Il se trouve ainsi que Wikipedia semble perdre des contributeurs. Ses fondamentaux de croissance semblent se dérégler. Les arbres ne montent pas jusqu’au ciel et les cathédrales (analogie d’idéal de projet récurrente à propos de Wikipédia) non plus.
Il y aurait apparemment un problème de renouvellement des contributeurs et de transformation de l’audience en contributions. Cela inquiète de savoir si cela signe un affaiblissement de la participation en soi. Je me demande pour ma part si, maintenant que Wikipedia semble arrivé, il ne manque pas un peu d’ambition et de régénération de l’idéal.

En tous les cas, les analogies avec les écosystèmes naturels viennent à l’esprit. Wikipedia est une matière vivante, un écosystème emblématique communauté de masse, mais un écosystème mal connu. Wikipédia serait-il une nouvelle terra incognita des anthropologues du XXIe siècle ? Je le pense.
tout ceci est passionnant.
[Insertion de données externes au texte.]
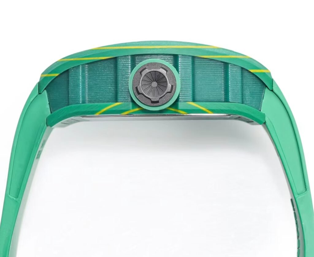 1 The case of the watch is a new interpretation of Richard Mille’s favorite barrel-shaped case, and it is also an innovative interpretation. The elongated shape between 2 and 5 o’clock on the case is amazing, which avoids the friction between the crown and the wrist and retains the excellent comfort of wearing.

Il s’agit peut-être d’une simple fièvre, tout comme d’une dérive lié à la masse critique atteinte, une crise de maturité ? Le bon sens voudrait que cela soit normal. En tous les cas, observer quelles solutions de régulation vont être tentées et le résultat que cela va produire va être passionnant. La participation est une matière qui demande encore de la science, qui plus est quand on atteint le non-linéaire …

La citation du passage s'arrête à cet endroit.